I have been thinking about dairy free crème Anglaise for a long time. After making it and realising how easy it was, I can’t understand my apprehension about this recipe. The process of making it is more simple, compared to quite delicate procedure of preparing crème Anglaise with regular milk. The taste was very similar to that of regular crème Anglaise, with coconut overtone, but not a very strong one. I was surprised again, because I liked another desert with a coconut milk in it. I am normally not very keen on coconut taste in deserts. There was a slight difference in texture. Coconut crème Anglaise was a touch thicker and had more body to it. It is easy to explain. For regular Anglaise I use organic milk with 4% of fat, while even light coconut milk has 24% fat. Coconut Anglaise probably relates more to the crème made with an equal mix of regular milk and cream, which will still give less fat concentration.

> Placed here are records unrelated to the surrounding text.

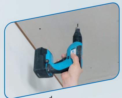
Für Decken und Bekleidung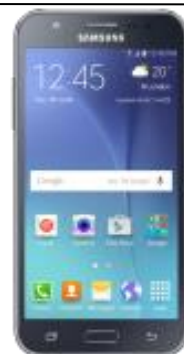
Samsung Galaxy J3 47.2 EUR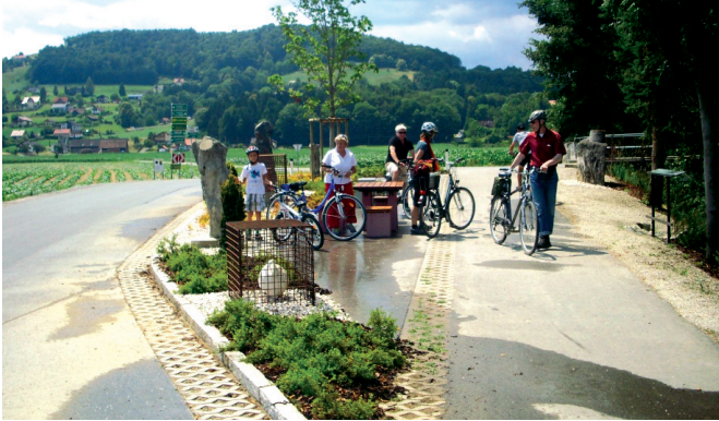
Kanufahren auf der Sulm und Radfahren auf dem Sulmtalradweg R1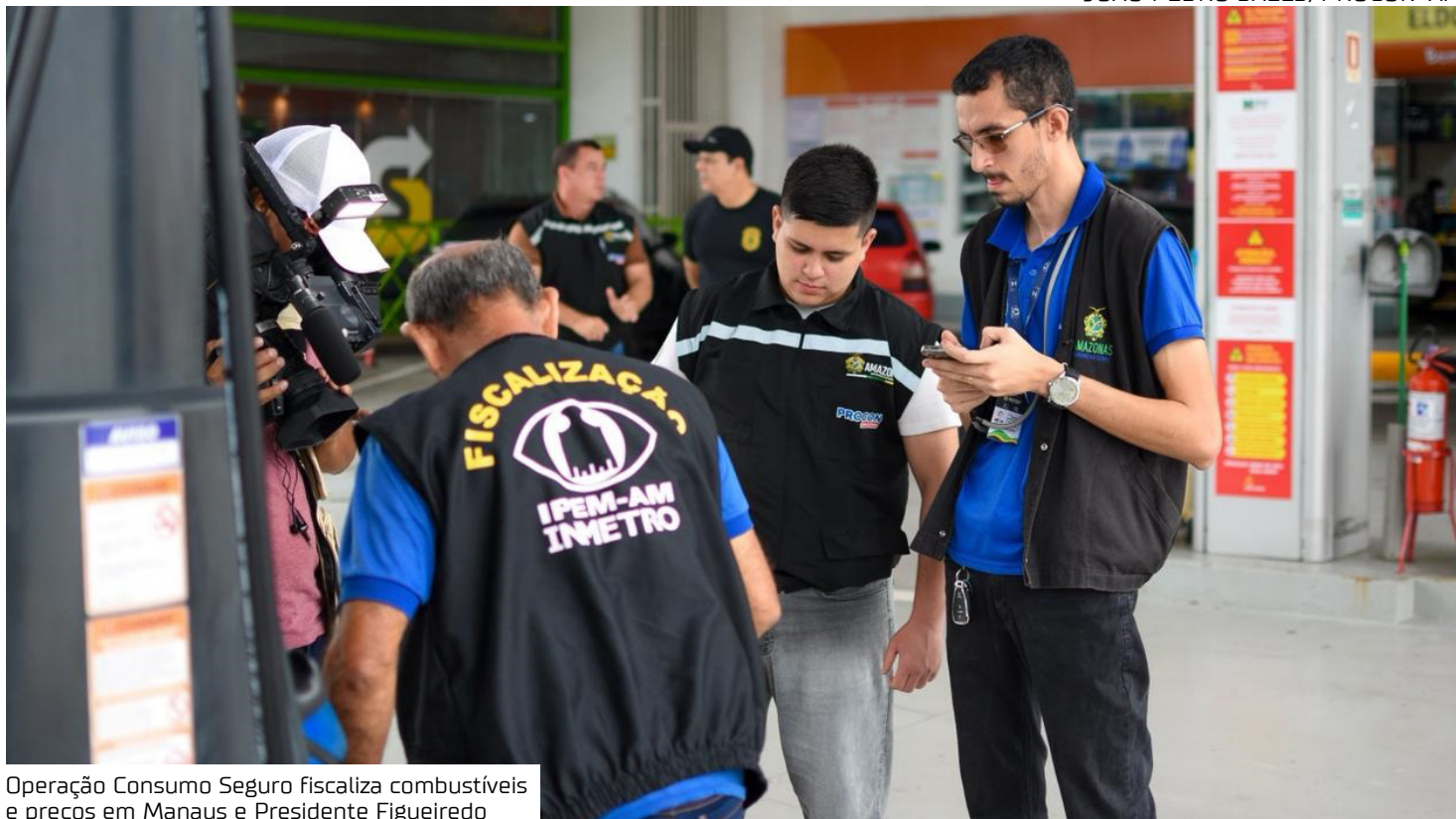
Operação Consumo Seguro fiscaliza combustíveis e preços em Manaus e Presidente Figueiredo

"A atuação integrada aumenta a eficiência das fiscalizações e amplia nossa capacidade de proteger os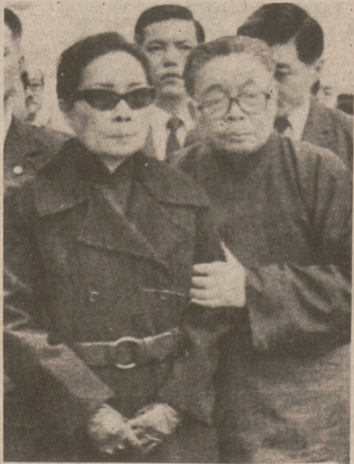
TAIPEI. — Madame Ciang Kai Szek, wdowa po szefie rządu Republiki Chińskiej na terenie Tajwanu, idzie za trumną zmarłego wraz z najstarszym synem dr Sun Yat-sen. Państwowy pogrzeb odbędzie się 16 kwietnia 1975 r.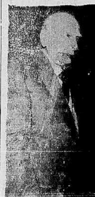
Passou mais de meio século na Tribuna do Juri

ROMA, 15 (FP) — Ingrid Bergman chegou a Roma, onde pretende permanecer por cerca de três semanas. Interrogada pelos jornalistas, a atriz declarou que não tinha, no momento, nenhum projeto de trabalho, pretendendo apenas descansar junto a seus filhos.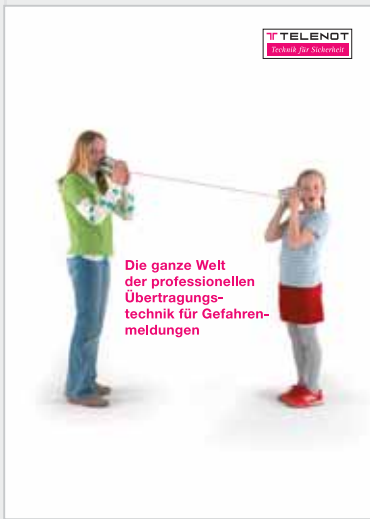
Prospekt „Übertragungstechnik für Gefahrenmeldungen“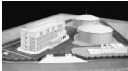
新規浄水場のイメージパース

樹木や森林は、地球環境や人間の健康的な生活にとって欠かせないものです。地球温暖化の防止をはじめ、騒音や風害、土砂崩れなどの災害を防ぐなど、安心で潤いのある暮らしを支えています。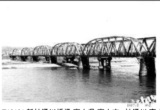
T10101、新神通川橋梁、富山県、富山市、神通川、高山本線、1908、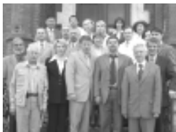
Министр здравоохранения республики Коми с членами комиссии по приему госэкзаменов в Сыктывкарском филиале нашей академии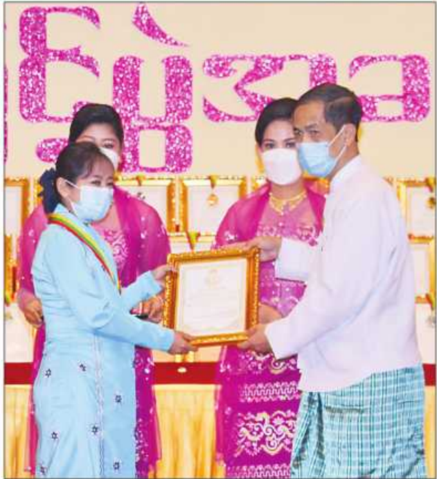
ပြည်ထောင်စုဝန်ကြီး ဦးကိုကိုလှိုင် ဆုရရှိသူတစ်ဦးအား ဂုဏ်ပြုဆုတံဆိပ်နှင့် ဂုဏ်ပြုမှတ်တမ်းလွှာပေးအပ်ချီးမြှင့်စဉ်။

The original mix of all ingredients before heating, gives instantly thicker product. During gradual heating the mixture loses its thickness initially,  but later thickens again. I did not reach the temperature of 80C, recommended for the mixture one on the upper range for crème Anglaise, not even 70C, which is the lower temperature range. When the creme was thick enough in my opinion, the temperature was 65C. Typically, I do not check the temperature, but use a standard spoon test.


Because of the initial thickness of the mixture, the process of crème preparation needs you full attention. Constant stirring with a whisk, but not a spoon, is essential to prevent lower layers of the mixture, closer to the bowl walls to curdle.


  • 2 egg yolks
  • 1 whole egg
  • 70g organic honey
  • 400ml can of organic light coconut milk
  • seeds from the whole vanilla bean



I had so many things happening on my cooktop, that I could not possibly allow for photography to take place. I also did not want to be distracted by the latter and ruin the crème. You can find step by step process of regular crème Anglaise preparation in my other blog here. It is written in Russian, but photos do not need translation.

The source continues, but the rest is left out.